Setahun, 80 Kasus Kecelakaan di Jalur Pendakian Lawu

143

MAGETAN – Cuaca ekstrem yang menyelimuti Gunung Lawu membuat jumlah pendaki menurun pada momen tahun baru. Tercatat dari pos pendakian Cemoro Sewu, jumlahnya sekitar seribu orang. Padahal, tahun-tahun sebelumnya sampai seribu lebih. ’’Sempat ditutup sementara beberapa jam saat itu, ini demi keselamatan dan keamanan para pendaki,’’ kata Kasi Kedaruratan dan Logistik BPBD Fery Yoga Saputra.

Intensitas hujan yang meningkat beberapa pekan inilah yang menyebabkan cuaca ekstrem melanda wilayah lereng Gunung Lawu dan sekitarnya.
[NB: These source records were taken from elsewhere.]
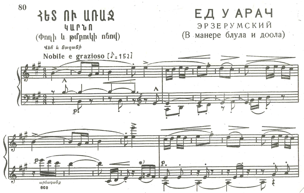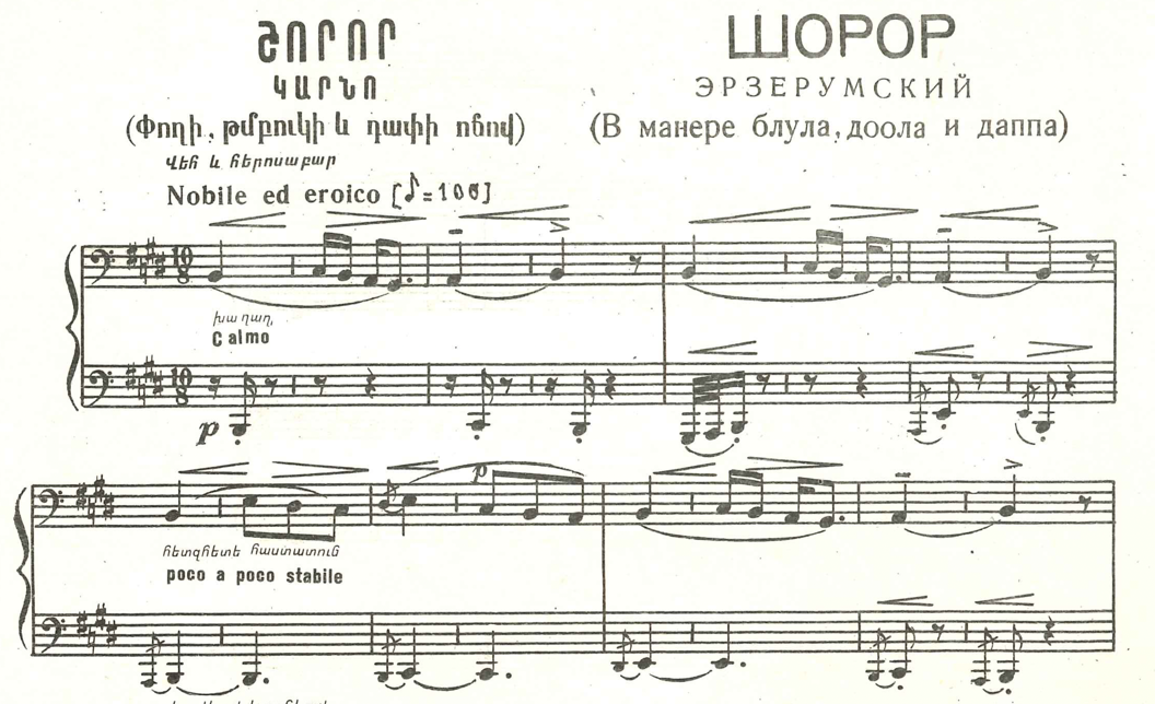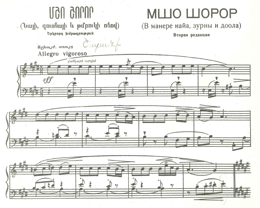 Komitas wrote this monumental folk dance for piano to be performed in the style of duduk, zurna, and tmbuk. This marking applies to the whole piece, and he does not provide any further comments about exactly which patterns, melodic lines, or sections are to imitate the sound of the particular instrument, or the sound of the combination of them. This opens up more possibilities to me as a performer to imagine my perception of the imitation of folk instrument sound when playing. I also write in the Armenian names of different parts of Msho Shoror here, in accordance with Atayan’s research based on Komitas’ manuscripts and other archive materials presented in the scores of volume six.
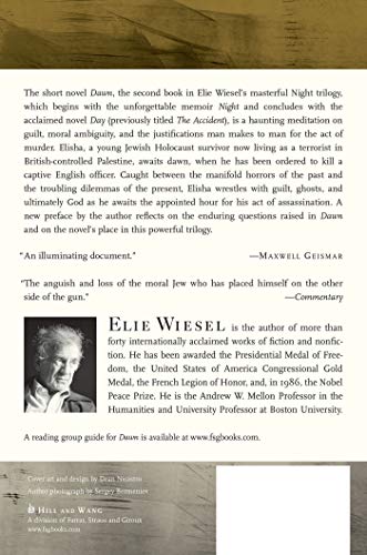 Elie Wiesel’s Dawn is an eloquent meditation on the compromises, justifications, and sacrifices that human beings make when they murder other human beings. “The author . . . has built knowledge into artistic fiction.” –The New York Times Book Review Elisha is a young Jewish man, a Holocaust survivor, and an Israeli freedom fighter in British-controlled Palestine; John Dawson is the captured English officer he will murder at dawn in retribution for the British execution of a fellow freedom fighter. The night-long wait for morning and death provides Dawn, Elie Wiesel’s ever more timely novel, with its harrowingly taut, hour-by-hour narrative. Caught between the manifold horrors of the past and the troubling dilemmas of the present, Elisha wrestles with guilt, ghosts, and ultimately God as he waits for the appointed hour and his act of assassination. The basis for the 2014 film of the same name, now available on streaming and home video.
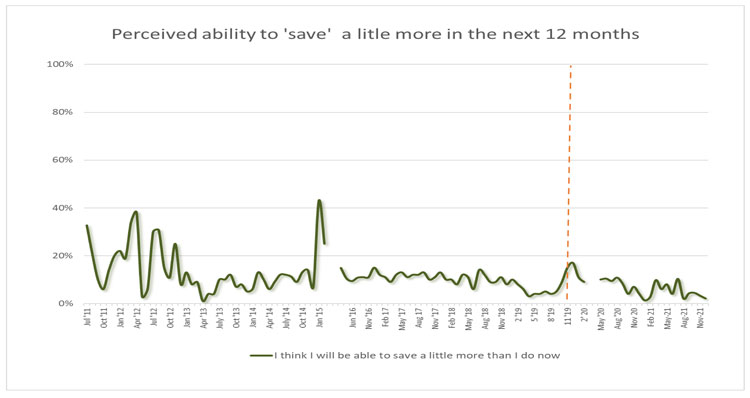 To assess the ability to manage the cost of living and to have something left over, we asked the respondents about their expected personal savings in the coming 12 months. The perception of the public’s ability to save a ‘little more’ than what they do at present has fallen to an all-time low of just 2.0 percent. This is a reflection on how desperate the people of Sri Lanka have become. As explained earlier, prices of food as well as non-food items have been increasing at a very rapid rate. Also, after many years, perhaps over two decades, the government imposed various quantitative restrictions on purchases from state owned outlets while certain items, such as milk powder, disappeared from the shelves of supermarkets.
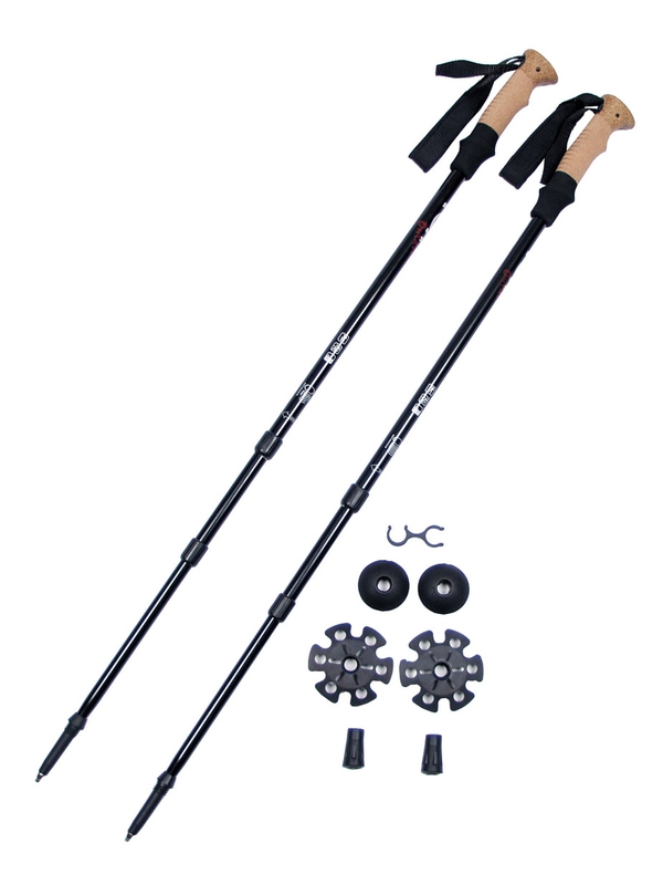 Teleskopické pevné trekingové paličky trojdielne, lisované s nylonovým opaskom na uchytenie hole, kovový hrot s ochranným krytom a dva ďalšie vymeniteľné rôzne taniere, taška s nastaviteľným ramenným popruhom. Dĺžka: 70 cm zatvorené, rozpätie 135 cm.
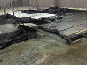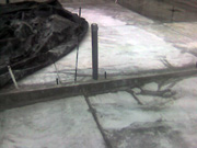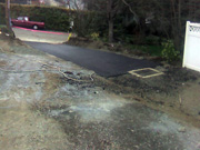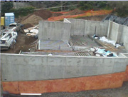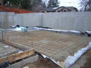 03/28/06 Not a lot of visible progress. These pictures were taken with my phone, so excuse the quality. The basement floor has been poured and is curing. You can really see the slope of the garage floor next to the level shop floor. At this point we could start framing, but the framing sub that our contractor wants to use won't be finished with the previous job for a couple more weeks. We're going to do some other things like run the conduit back to the transformer, pour the supports for the front porch, and maybe start some backfilling. The contractor for the house down the alley has paved the first 40 feet of the alley. We tried to have this wait until after we stopped driving trucks down the alley, but he is not very cooperative.
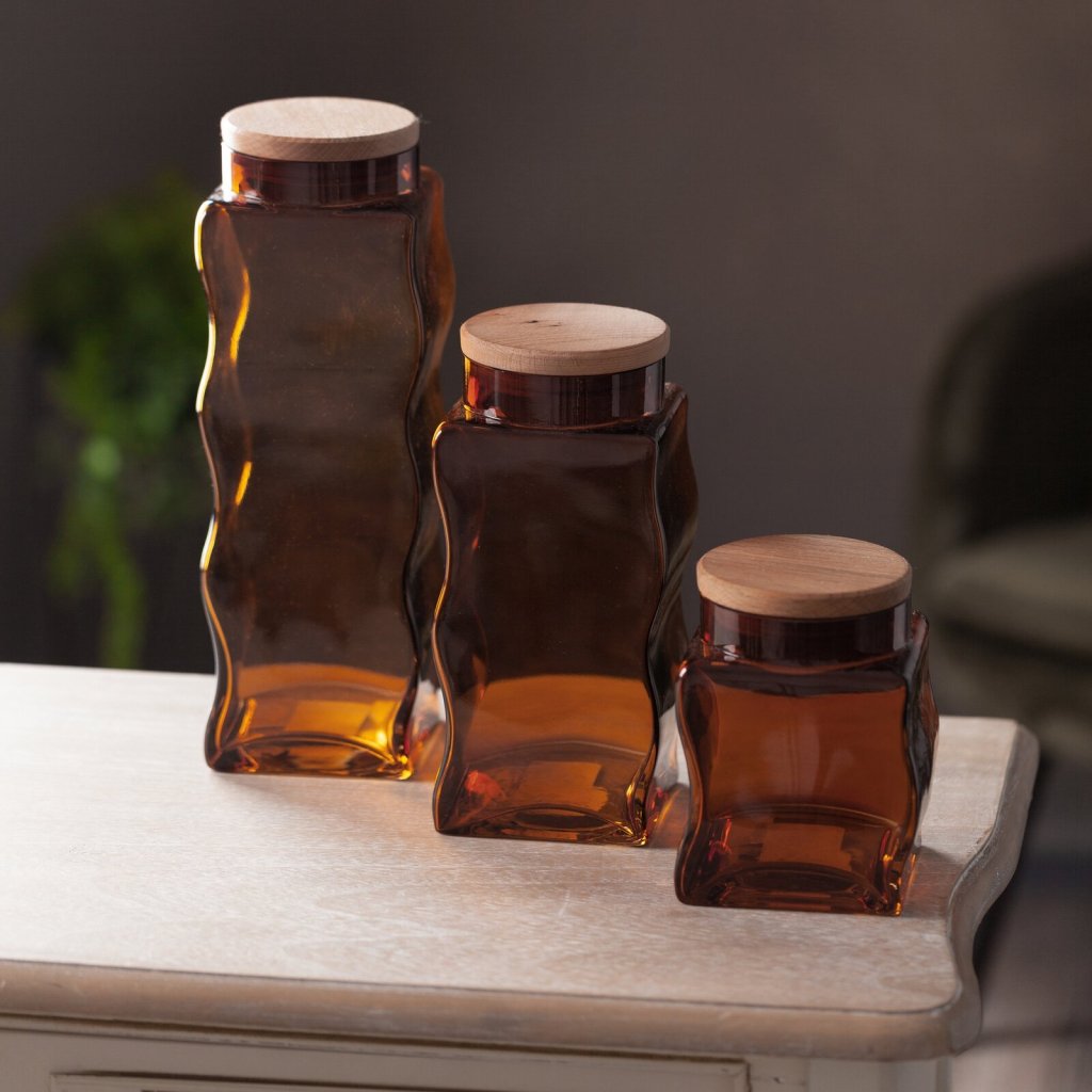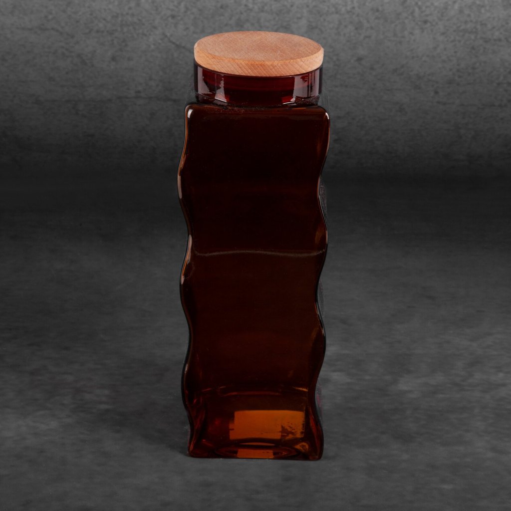 Dekorativní nádoba šířka: 10 cm, délka: 10 cm, barva: zlatá, Složení: 100% sklo. Skleněná dóza s bambusovým víčkem má pod víčkem silikonové těsnění.Doplňkové parametry

Hujan yang turun terus-menerus beberapa hari ini juga disertai angin kencang dan badai yang datang pada malam hari. ’’Semua sudah turun dan minim laporan kecelakaan,’’ ujarnya.

Sesuai data BPBD, selama 2018 kecelakaan berat dan ringan di Lawu totalnya 80 kasus. Kejadian itu menurun dibandingan tahun-tahun sebelumnya. Di mana tercatat untuk korban kecelakaan pendaki mencapai 100 kejadian. ’’Memang bahaya saat badai, pendaki bisa mengalami kecelakaan kalau tidak waspada,’’ tuturnya.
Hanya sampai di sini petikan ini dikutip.